Bajé a probar la pipa. La otra, la de fumar. Si me dejo caer, caigo en verde. Una plazoleta arbolada. Y umbría. Lo suyo. Ahora que la rodilla me cruje casi prefiero dejarme caer. La rampa muere en verde. Mi portal tiene de todo: escalones, rampa… y portero. ¡Hola Juan! ¡Hola Don Pepito! Lo demás son cuatro pasos. El jardincillo umbrío bajo las inmensas copas de los árboles. Las dalias y las rosas como en las cajas de galletas surtidas. Árboles en un cruce de calles peatonales. Cierto silencio y cierto amparo.

Mi parque tiene cinco bancos de madera. A la intemperie. Como la columna. Cinco. Solo cinco. Cuando era chico los bancos eran siete, como siete eran los Niños de Écija. Los siete grandes. De los de Écija solo quedan el Tempranillo y el Tragabuches, y en mi parque, cinco bancos de madera que lo mismo vino de Cuba que de Filipinas.

Cinco bancos, una pipa de madera de brezo y lo que va quedando. A esta hora en que anochece aún puedo escoger. Banco. Y pipa. Hace tiempo que no fumo en pipa. Mi primera pipa me la compré siendo estudiante en Salamanca. De todo aquello no queda ni el humo. Ni la plata. A esta hora en que anochece los bancos se van ocupando. Los cinco en círculo. No más de diez metros entre uno y otro. Enciendo. Primero llegan dos muchachas que fuman; no sé el qué. Ahora se fuman extrañas mixturas. En la oscuridad los móviles iluminan sus rostros. Son muy jóvenes. Mucho más jóvenes que cuando yo me compré aquella primera pipa. Quema bien mi pipa.

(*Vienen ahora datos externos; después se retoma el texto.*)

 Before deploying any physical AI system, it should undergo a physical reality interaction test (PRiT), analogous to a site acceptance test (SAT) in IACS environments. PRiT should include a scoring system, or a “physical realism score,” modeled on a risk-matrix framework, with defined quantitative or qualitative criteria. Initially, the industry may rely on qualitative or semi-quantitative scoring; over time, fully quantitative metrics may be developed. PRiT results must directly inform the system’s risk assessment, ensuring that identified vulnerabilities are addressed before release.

En un patinete a motor llega un joven de poco más de veinte años. Parece un repartidor. Viene con el gesto cansado. Cansado de trabajar, supongo. Otro que fuma. No distingo el qué. Empiezo a tener la sensación de haberme acomodado en un calmo y placentero fumadero de opio…

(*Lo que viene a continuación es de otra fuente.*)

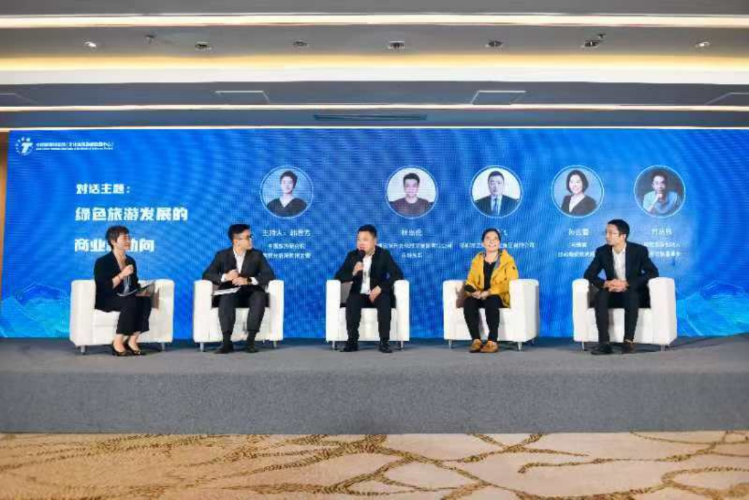 “绿色旅游发展的商业新动向”专题对话环节,韩晋芳博士与深圳市深巴文化旅游发展有限公司市场总监杨嘉伦,邯郸市文体旅产业集团有限公司总经理蒿静飞,马蜂窝目的地研究院院长孙云蕾,树蛙部落创始人、乡意文旅董事长付丛伟进行了专题研讨,对话嘉宾围绕企业如何践行绿色旅游理念展开讨论,从企业业务层面分享了自己的观点。

Ya es noche cerrada. Las luminarias municipales apenas iluminan. Una vecina hace fotos de su balcón cuajado ya de Navidad. En eso, en diagonal, cruza una pareja de buen aire. Él y ella. Ella y él. Se sientan en el banco que hay frente a mí. Bellos los dos. Hablan. Tontean. Fumo. Ellos no. A mi derecha tres zangolotinos se desparraman sobre el único banco que queda libre. Se desparraman, pero consiguen conservar los móviles en funcionamiento entre las manos, a solo unos centímetros de los ojos, mientras se balancean como chimpancés. Y ríen y gritan y aúllan... Ya estamos todos.

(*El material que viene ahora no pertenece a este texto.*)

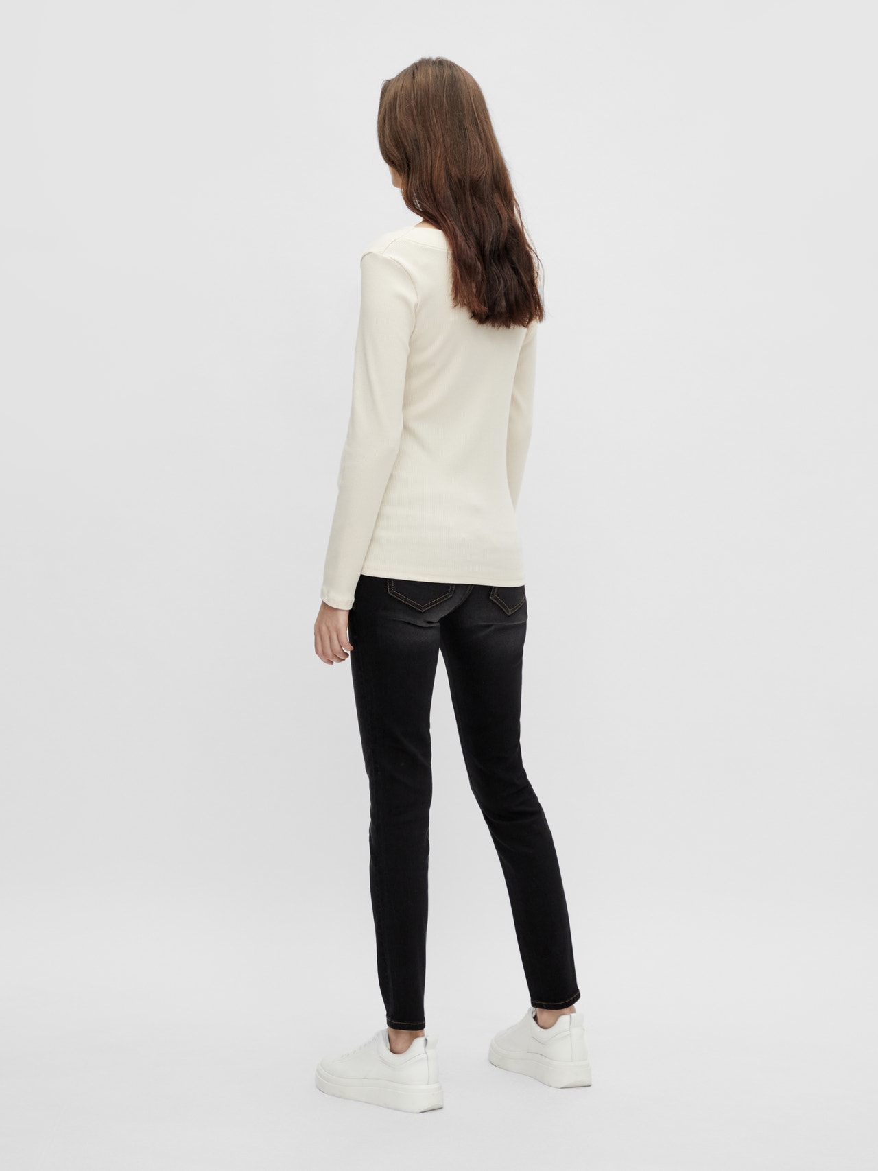 LADIES MATERNITY SLIM FIT JEANS WITH BUMP BAND ATTACHED TO BOTTOM OF WAISTBAND WITH ADJUSTABLE ELASTIC AND BUTTON INSIDE. WAISTBAND WITH BELT LOOPS. BUTTON CF- ABLE TO OPEN. FAKE FLY. FIVE POCKETS WITH RIVETS.

 Vuelven los pájaros a sus nidos y la vecina a su árbol de luces del tercero izquierda. La pipa quema del tirón. A veces una pipa basta para ser levemente feliz. Aquí, bajo las ramas tupidas de tanto árbol, no se ve el cielo. Ni las estrellas, ni la luna. Aquí la noche te aprieta a traición. Hay una edad en que no te sientas en los bancos de parque alguno. No. Nunca. Una edad altiva en que pasas sin detenerte. Los bancos del parque están hechos para antes y para después. Pasan. Pasan dos mujeres con las bolsas de su compra cara. Y dos hombres con los negocios entre los dientes. Pero no paran. Ni miran. En los bancos del parque solo se sientan los que no tienen donde sentarse.

En eso, el del patinete arranca y se va. Y la pareja, que ya llevaba un tiempo jugando con fuego, arde sin remedio. Y echo cuentas. Es la primera vez que me siento en los bancos del parque. Ni palomas, ni migas... Solo una pipa, una bruken de brezo y vulcanita. Y, aunque queda tabaco en el hornillo -virginia, latakia y algo de penique-, decido levantarme y marchar, no vaya a ser que alguien piense que por las noches baja al parque un viejo mirón.